The data are noisy but there appears to be a clear overall trend in the data. Specifically, there is an initial negative G-force experienced which then begins to turn positive over time. The positive rebound continues past 0 and then recovers to baseline. You can use `mlptrecon`

to obtain a nonparametric regression for this data.

[w,t,nj,scalingmoments] = mlpt(gmeasurements,times,'dualmoments',4,... 'primalmoments',4,'prefilter','none'); a4 = mlptrecon('a',w,t,nj,scalingmoments,4,'dualmoments',4); hline = plot(times,[gmeasurements a4]); grid on hline(2).LineWidth = 2; legend('Original Data','Smooth Fit') xlabel('Time') ylabel('G-force') title('G-Force Measurements')

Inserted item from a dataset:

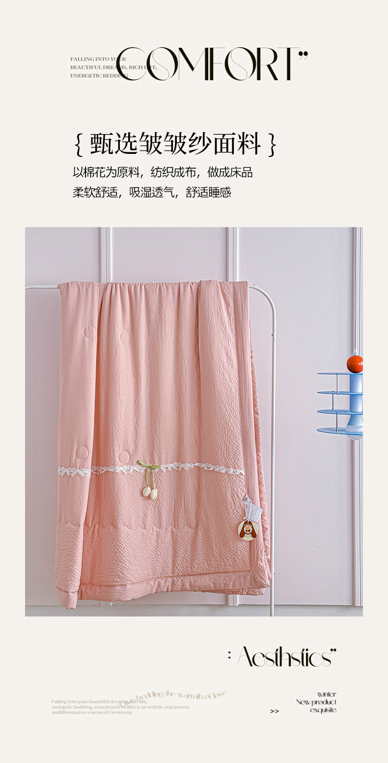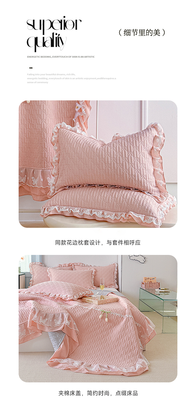 商品名称:源舜家纺 2025新款郁金蝶香皱皱纱床盖夏被四件套 粉色

The MLPT approximation at level 4 provides a nice smooth fit to the data that allows you to capture the essential nature of the response without the effect of noise.

This example demonstrated the multiscale local polynomial transform (MLPT), a lifting scheme which is amenable to nonuniformly sampled data. The MLPT is useful for denoising or nonparametric regression in cases of missing or nonuniformly sampled data. Minimally, it is a useful benchmark for comparison against wavelet denoising techniques designed to work on uniformly sampled data. In other cases, it outperforms conventional wavelet denoising by explicitly taking the nonuniform sampling grid into consideration.

Jansen, M. "Multiscale Local Polynomial Smoothing in a Lifted Pyramid for Non-Equispaced Data". IEEE Transactions on Signal Processing. Vol. 61, Number 3, 2013, pp. 545-555.

Jansen, M., and Patrick Oonincx. "Second Generation Wavelets and Applications." London: Springer, 2005.